Capital Markets (Including Subsequent Event):
- As previously announced, the Company is under binding contract to sell 225 & 235 Presidential Way in Woburn, MA for $129.0 million, or $293 per square foot, to an investment-grade buyer. The sale is expected to close in early 2022, subject to customary closing conditions.
- On October 22, 2021, Piedmont acquired 999 Peachtree Street, a 622,000 square foot, approximately 77% leased, LEED Platinum, 28-story, office building located in Atlanta, GA for $223.9 million, or $360 psf.
- After the completion of both of the above transactions, approximately 55% of the Company's Annualized Lease Revenue will be generated from the Sunbelt.
- The Company issued $300 million in aggregate principal amount of 2.75% Senior Notes due 2032 and used the proceeds to repay, without penalty, its Amended and Restated $300 million Unsecured 2011 Term Loan that was scheduled to mature in November of 2021.

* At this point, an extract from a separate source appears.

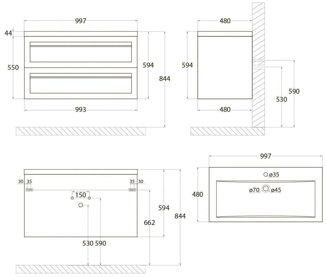 - Рекомендуемая высота от пола: 844 мм

- The Company's average net debt-to-Core EBITDA ratio as of September 30, 2021 was 5.5 x.
- The Company's Debt-to-Gross Assets ratio was 34.4% as of September 30, 2021.
- As of September 30, 2021, the Company had no secured debt and approximately $422 million of available capacity on its $500 million line of credit.
ESG and Operations:
- Piedmont's entire approximately 17 million square foot portfolio has been submitted to the International WELL Building Institute ("IWBI") for WELL Health-Safety Rating.

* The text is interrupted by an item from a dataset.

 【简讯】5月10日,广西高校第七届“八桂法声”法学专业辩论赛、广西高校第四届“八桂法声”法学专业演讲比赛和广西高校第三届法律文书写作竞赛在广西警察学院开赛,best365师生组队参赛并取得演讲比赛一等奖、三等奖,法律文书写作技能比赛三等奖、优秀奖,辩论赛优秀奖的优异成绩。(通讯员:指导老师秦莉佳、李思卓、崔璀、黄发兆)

- All three of the Dallas Galleria Office Towers obtained Building Owners and Managers Association ("BOMA") 360 Designations.
- Three buildings won regional The Outstanding Building of the Year ("TOBY") awards.

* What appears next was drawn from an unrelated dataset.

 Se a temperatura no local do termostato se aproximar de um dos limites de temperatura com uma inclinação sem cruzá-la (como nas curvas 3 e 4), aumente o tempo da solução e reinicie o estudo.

- Piedmont awarded scholarships to two students, one at Howard University in Washington, D.C. and the other at Morehouse College in Atlanta, GA.
- Piedmont was recognized by the Make-a-Wish Georgia chapter for outstanding community involvement through its 2020 annual Make-a-Wish grant.
Commenting on third quarter results, Brent Smith, President and Chief Executive Officer, said, "In addition to reporting strong financial metrics for the quarter, we also made progress on a number of strategic objectives including a sizeable debt refinancing, major capital recycling transaction, and numerous ESG initiatives. Perhaps most encouraging to our business was that new tenant leasing returned to pre-pandemic levels, demonstrating both optimism around the office sector’s recovery and the resiliency of our portfolio." Smith added, "Furthermore, we are extremely excited to announce our acquisition and vision for 999 Peachtree Street, an iconic building located in the heart of midtown Atlanta. This LEED Platinum building provides Piedmont with a foothold in one of the most vibrant, active submarkets in the country at an attractive basis and with immediate scale. We look forward to revitalizing the asset and driving income growth by providing a unique, differentiated product with outdoor amenities that are unmatched in the submarket today."
Results for the Quarter ended September 30, 2021
Piedmont recognized net income applicable to Piedmont for the three months ended September 30, 2021 of $11.3 million, or $0.09 per diluted share, compared to $8.9 million, or $0.07 per diluted share, for the three months ended September 30, 2020, with the $0.02 per share increase primarily attributable to rising rental rates, decreased operating expenses, particularly related to our landlord's portion of real estate taxes, as well as the expiration of operating expense recovery abatements on certain leases. These improvements were partially offset by a 0.9% reduction in our overall leased percentage on a year-to-date basis as a result of reduced new leasing activity in 2020 and the first half of 2021 due to the COVID-19 pandemic.
FFO and Core FFO, which remove the impact of gains and losses on sales of real estate assets, as well as depreciation and amortization, were both $62.0 million, or $0.50 per diluted share, for the three months ended September 30, 2021 as compared to $60.2 million, or $0.48 per diluted share, for the three months ended September 30, 2020. The $0.02 per share increase in both metrics was primarily attributable to the same factors noted in net income above.
Total revenues were $131.1 million for the three months ended September 30, 2021, compared to $131.7 million for the three months ended September 30, 2020, with the loss of revenue related to 2020 disposition activity generally being offset by higher rental rates and reimbursement and other income at certain properties in 2021.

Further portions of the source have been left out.